Wednesday, March 3, 2010

Anonymous on the Internet

Because there's nothing like a thoughtful article about anonymity on the Internet:

The article tells the story of the South Korean blogger Minerva, and how he moved from anonymity and influence to notoriety and a court trial. Park Dae-Sung became tremendously influential in Korea as the financial markets plummeted, and his anonymous predictions, which he based on careful study of the markets, turned out accurate at important moments. Despite flying rumors before the revelation, he turned out to be nobody particularly qualified; no economist, just a student, and not a reformed greedy financier as he'd presented himself.

Orson Scott Card himself, on his web site, noticed the resemblance of the Minerva case to his book Ender's Game, where Val and Peter become Locke and Demosthenes, using the anonymous names' freedom to pretend to more gravity and influence than they actually had. Sometimes doing that attracts attention in itself, as the anonymous writer can come across as someone powerful who wanted to speak the truth without compromising an established reputation.

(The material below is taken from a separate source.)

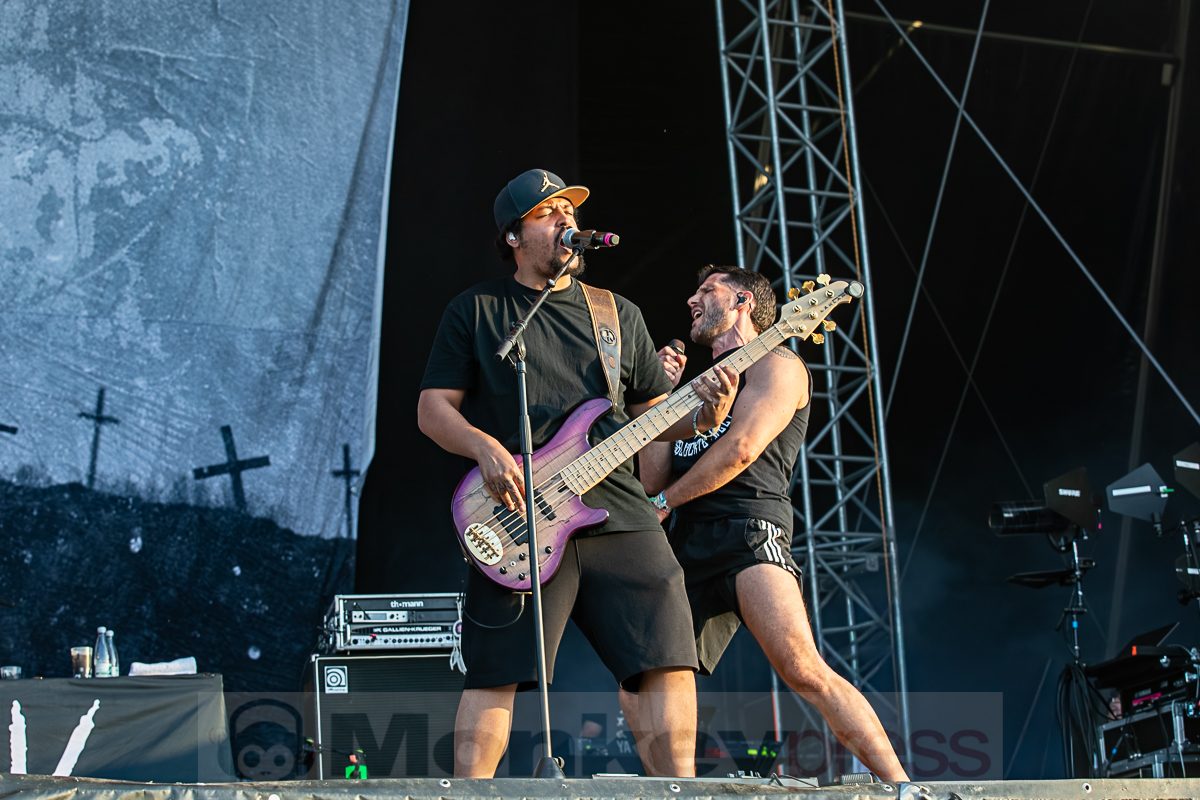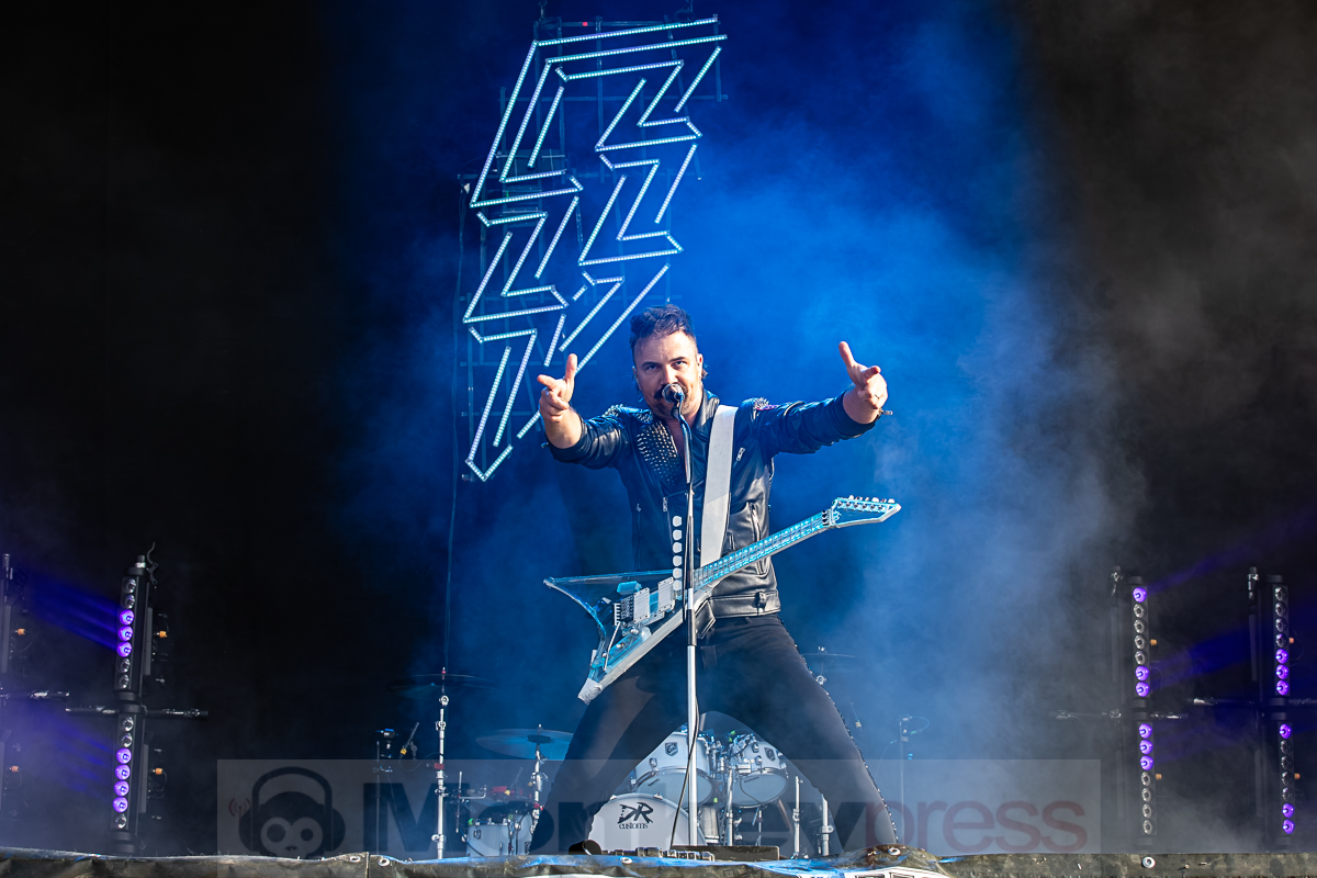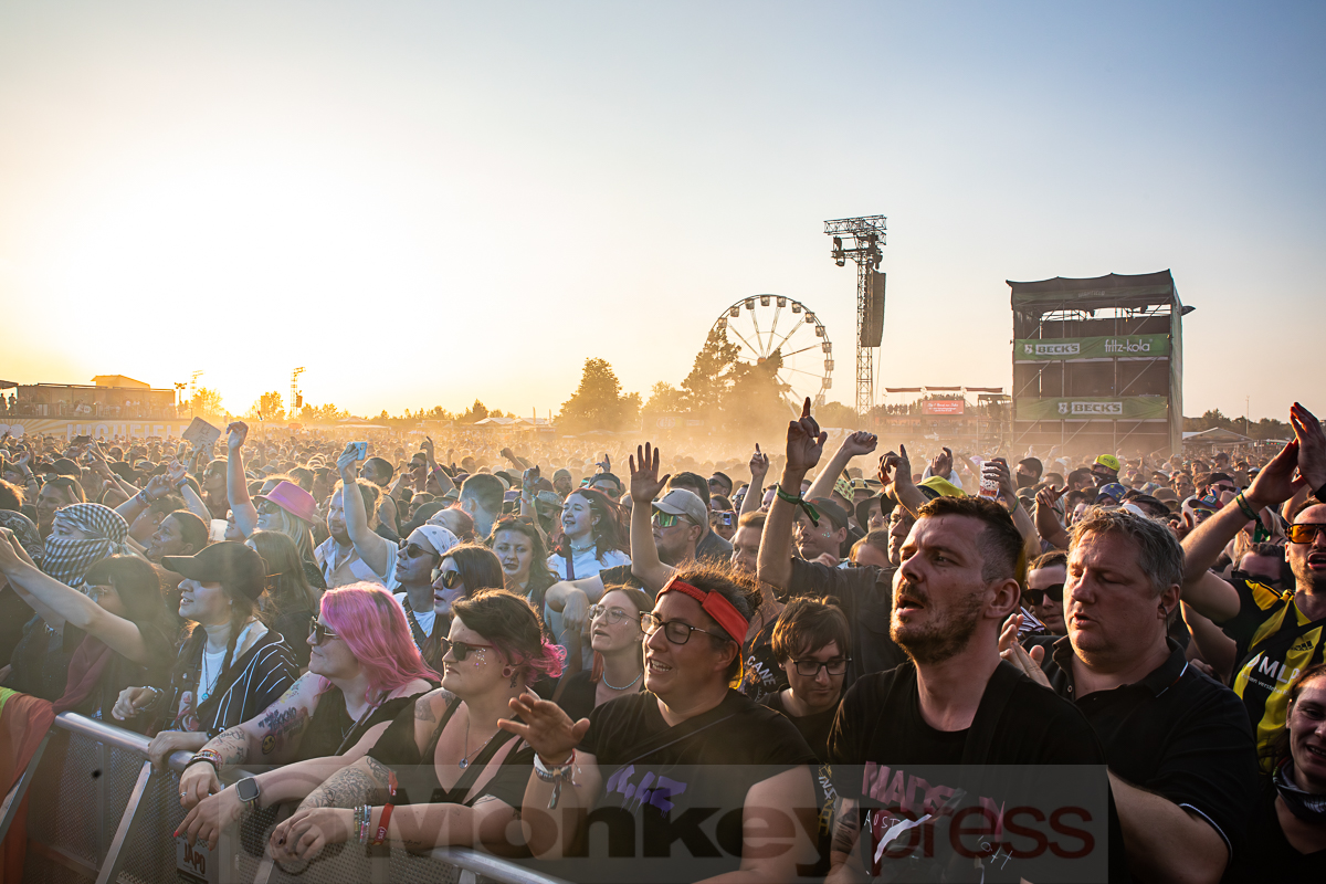 Sie gingen immer mal wieder einen Schritt nach hinten, um für einen Moment im Schatten abkühlen zu können. Das half aber nur temporär, denn sofort wurde wieder weiter gerockt. Ihre Energie und gute Laune waren ansteckend und dann war plötzlich Ruhe. Wieder ein Stromausfall auf der Stage, der dieses Mal etwas länger als am Vortag dauerte. Nach einer Durchsage zwischendrin warteten aber alle geduldig darauf, dass es weitergehen konnte. Mit Coversongs wie „Venus“ von Bananarama oder „Battery“ von Metallica sorgten die Musiker wieder für Begeisterung und eine mitgrölende Menge. Insgesamt, trotz Zwangspause, ein souveräner und mitreißender Auftritt. Gern mehr davon.

Minerva was uncovered in the end, though, in a way that also uncovered serious flaws in the system of South Korean law and government, if the Wired article is accurate in its judgements (something I don't really know much about so I can't be sure). Internet and privacy, and whether it is the government's job to keep the Internet clean and tidy for its citizens, is of course a whole other debate, worthy of discussion but not for this post. But the article is an excellent read, with its insights into the economic crisis, South Korean society, the nature of anonymity on the Internets, and the interaction of opinions with the sources that form them.